Aikido refers to TeamPCP’s infrastructure as “CanisterWorm” as a result of the group orchestrates their campaigns utilizing an Web Pc Protocol (ICP) canister — a system of tamperproof, blockchain-based “smart contracts” that mix each code and information. ICP canisters can serve Net content material on to guests, and their distributed structure makes them immune to takedown makes an attempt. These canisters will stay reachable as long as their operators proceed to pay digital foreign money charges to maintain them on-line.
Eriksen mentioned the individuals behind TeamPCP are bragging about their exploits in a gaggle on Telegram and declare to have used the worm to steal huge quantities of delicate information from main corporations, together with a big multinational pharmaceutical agency.
“When they compromised Aqua a second time, they took a lot of GitHub accounts and started spamming these with junk messages,” Eriksen mentioned. “It was almost like they were just showing off how much access they had. Clearly, they have an entire stash of these credentials, and what we’ve seen so far is probably a small sample of what they have.”
Safety consultants say the spammed GitHub messages might be a means for TeamPCP to make sure that any code packages tainted with their malware will stay outstanding in GitHub searches. In a publication printed immediately titled GitHub is Beginning to Have a Actual Malware Drawback, Dangerous Enterprise reporter Catalin Cimpanu writes that attackers typically are seen pushing meaningless commits to their repos or utilizing on-line providers that promote GitHub stars and “likes” to maintain malicious packages on the high of the GitHub search web page.
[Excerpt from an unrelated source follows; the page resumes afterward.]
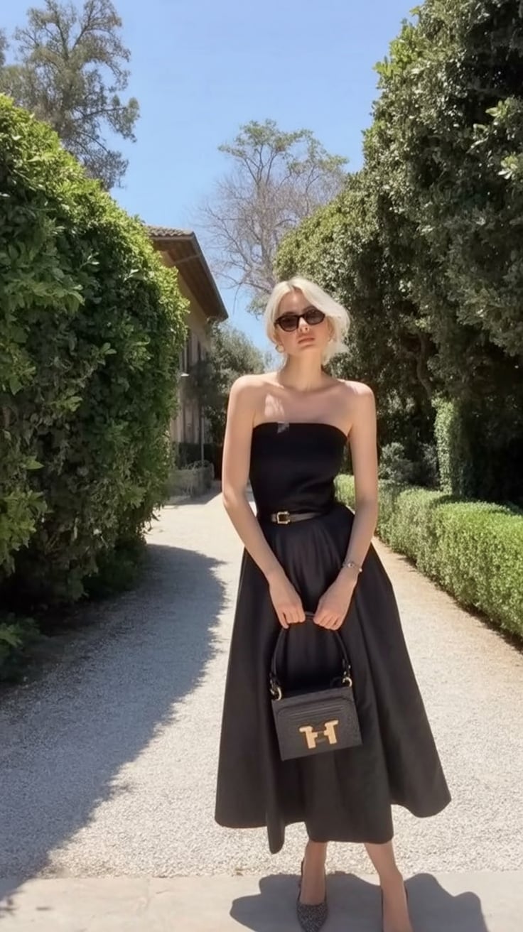 A strapless black dress worn with poise offers a timelessly dramatic, yet restrained statement. Its classic lines exude sophistication without excess, perfectly embodying the ethos of old money style through minimalist power and quiet impact.

This weekend’s outbreak is the second main provide chain assault involving Trivy in as many months. On the finish of February, Trivy was hit as a part of an automatic menace known as HackerBot-Claw, which mass exploited misconfigured workflows in GitHub Actions to steal authentication tokens.
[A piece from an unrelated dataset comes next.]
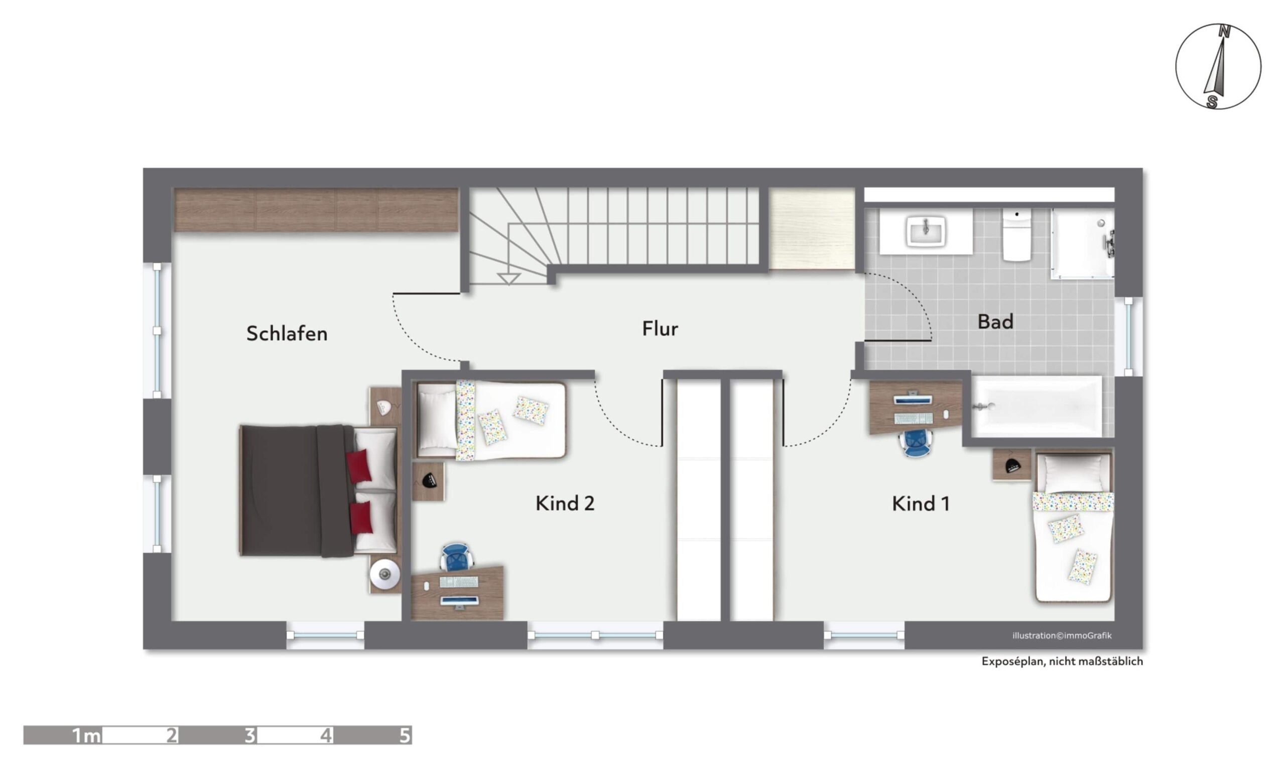 Im Obergeschoss finden Sie eine optimale Raumaufteilung der Schlafräume und das moderne Badezimmer mit Wanne und bodengleicher Dusche darf natürlich auch nicht fehlen.

Eriksen mentioned it seems TeamPCP used entry gained within the first assault on Aqua Safety to perpetrate this weekend’s mischief. However he mentioned there isn’t any dependable solution to inform whether or not TeamPCP’s wiper truly succeeded in trashing any information from sufferer programs, and that the malicious payload was solely lively for a short while over the weekend.
“They’ve been taking [the malicious code] up and down, rapidly changing it adding new features,” Eriksen mentioned, noting that when the malicious canister wasn’t serving up malware downloads it was pointing guests to a Rick Roll video on YouTube.
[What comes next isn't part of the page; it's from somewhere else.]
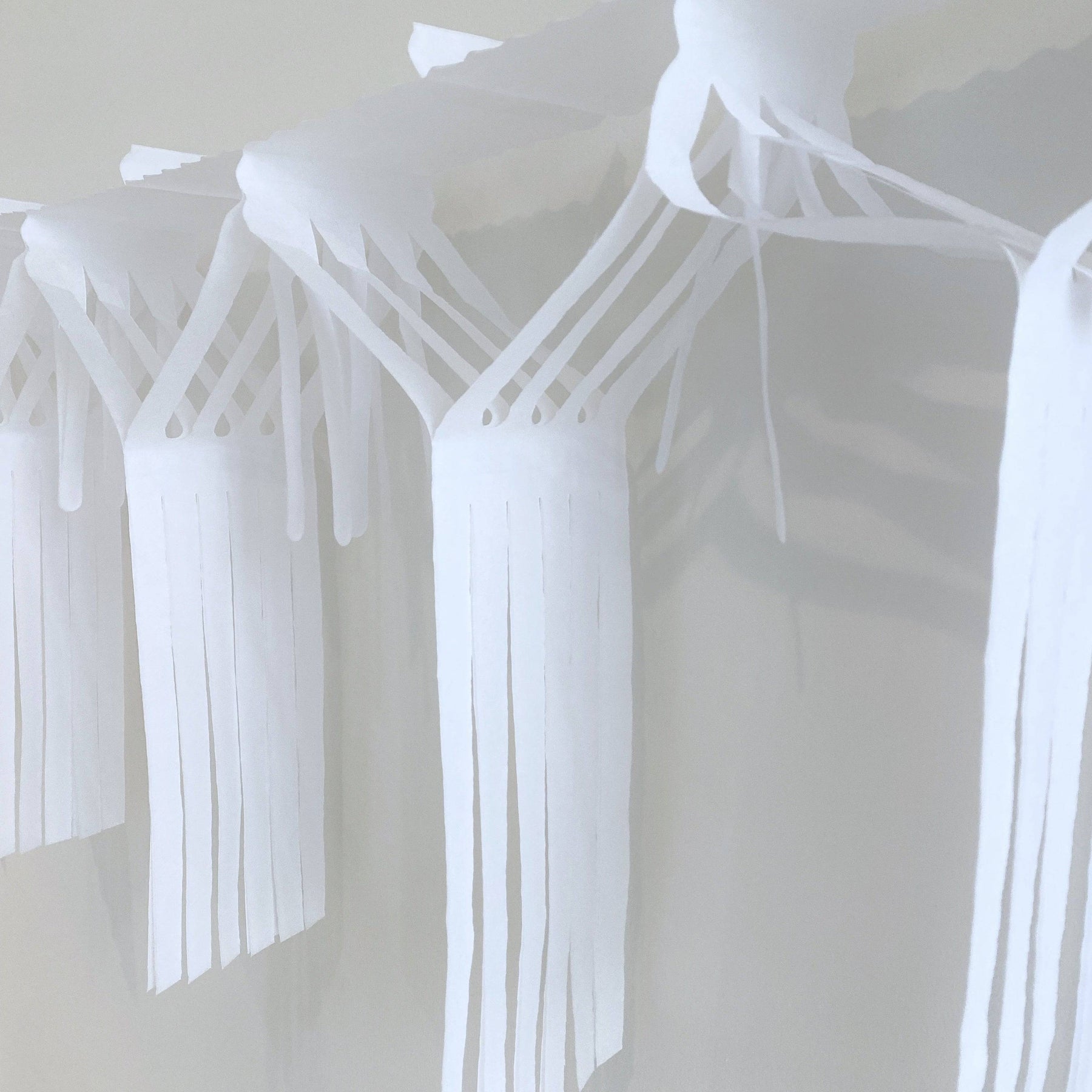 These ivory tissue paper streamer macrame garlands are a popular choice for weddings, baby showers, engagement, Christmas or holiday parties, quinceanera, and seasonal display decor. Streamer garlands can hang along a wall, table edge, or balcony. Create a festive backdrop in minutes with an assortment of tissue paper garlands and honeycomb decorations.

“It’s a little all over the place, and there’s a chance this whole Iran thing is just their way of getting attention,” Eriksen mentioned. “I feel like these people are really playing this Chaotic Evil role here.”
Cimpanu noticed that provide chain assaults have elevated in frequency of late as menace actors start to know simply how environment friendly they are often, and his put up paperwork an alarming variety of these incidents since 2024.
“While security firms appear to be doing a good job spotting this, we’re also gonna need GitHub’s security team to step up,” Cimpanu wrote. “Unfortunately, on a platform designed to copy (fork) a project and create new versions of it (clones), spotting malicious additions to clones of legitimate repos might be quite the engineering problem to fix.”